We’ve seen this movie before, haven’t we? As Ramesh Ponnuru noted at National Review over a decade ago in 2003, “Conservatives ought not to cheer the Democrats’ leftward lurch,” which had begun with their nomination of Al Gore to be president, and only escalated in the wake of September 11th and America’s involvement in Iraq and Afghanistan. Concurrently, as Ramesh noted, GWB moved Republicans to the left via his “Compassionate Conservatism” philosophy of Big Government-based conservatism:
One of the reasons that parties benefit when the other party becomes extreme is that it allows it to hug the center. But if Republicans are moving to the center and Democrats to the left, that means both parties are moving leftward-that the center of gravity of American politics is moving leftward. Isn’t that, too, part of the story of 1972?
Looking back 30 years, is it really clear that the McGovernites would have achieved more of their agenda by not taking over the Democratic party? If you were a liberal who wanted to move the country leftward, should you really be backing someone like Joe Lieberman? Conservatives who want the Democrats to move left have to believe that.
The other problem is that every once in a while Democrats, even if they move left, are going to get elected.
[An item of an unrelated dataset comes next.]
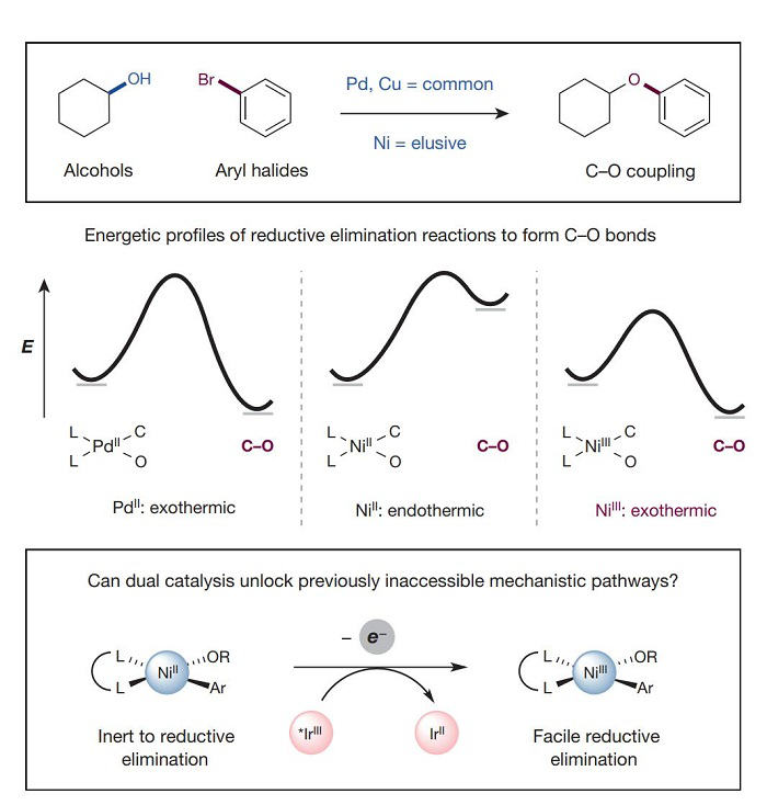 过渡金属催化的交叉偶联反应已成为化学合成中最常用的“碳-碳”和“碳-异质原子”成键反应之一。近年来,镍催化剂已经被证明参与了各种各样的“碳-碳”键形成反应,其中最著名的包括Negishi, Suzuki–Miyaura, Stille, Kumada 和Hiyama偶联反应。尽管利用片段偶联的方式来生成“碳-碳”键的方法已经取得了巨大的进展,但通过镍的催化作用以一般的方式生成“碳-氧”键的成效却大大相反。因此,镍介导的醇耦合挑战已经成为交叉偶联反应过程中“碳-氧”键的形成这个关键步骤得以通过镍(III)烷基中间体来产生的原理性需求。就此,普林斯顿大学David W. C. MacMillan教授的课题组证明了可见光激发的光氧化还原催化剂可以在催化循环中调节镍醇氧化合物的优先氧化态,从而为易参与还原消除的Ni(III)提供短暂的通道。基于这种光氧化还原和镍催化的协同结合效应,他们使用丰富的醇和芳香基溴化物开发了一种高效和通用的碳氧耦合反应。这也成为一种通用的策略,通过仅使用弱光和单电子转移催化剂的氧化态调制来“开启”重要而又难以捉摸的有机金属机制。相关研究成果以“Switching on elusive organometallic mechanisms with photoredox catalysis”为题发表在Nature上[6]。
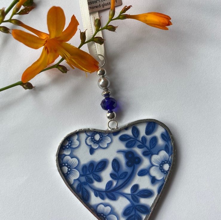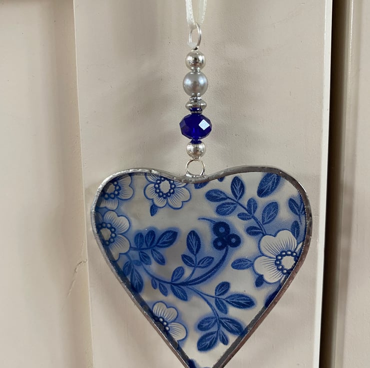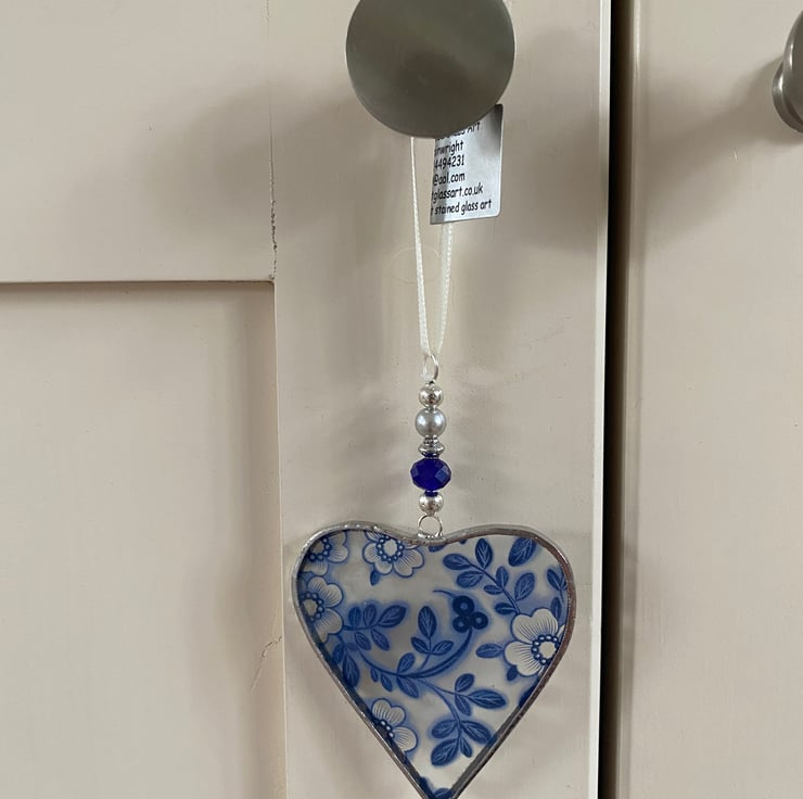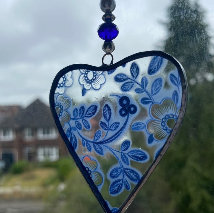 A beautiful stained glass heart made using the Tiffany (copper foiled) method of stained glass. It has been made using a lovely blue flowery glass.

It would be better for conservatives if there were a lot of Democrats who are willing to work with Republicans on tax cuts, judges, and Social Security — as there were under the Reagan and first Bush presidencies. Sometimes, Democrats are even going to get elected to the presidency. And even when a party recovers from ideological benders, there are after-effects. The Clinton administration’s foreign policy was impaired by the Democrats’ post-Vietnam hang-ups.
As Ponnuru concluded in 2003, “People ask me sometimes whether I’m happy about the Democrats’ current predicaments. But let’s rephrase the question. Should we be happy that one of our two major parties is going off the deep end? I don’t think so.” We’ve all seen how that’s played out since January of 2009.
How far to the left can Democrats go at this point?
From Wilson to FDR to LBJ to BHO, with only a minor pause by Bill Clinton — and only because the twin threats of Hillarycare and the loss of the Second Amendment ushered in the first GOP Congress in decades — Democrats have crept steadily left, shifting the center of political gravity for both parties in the process. When does the urge to shout “Leftward Ho!” cease?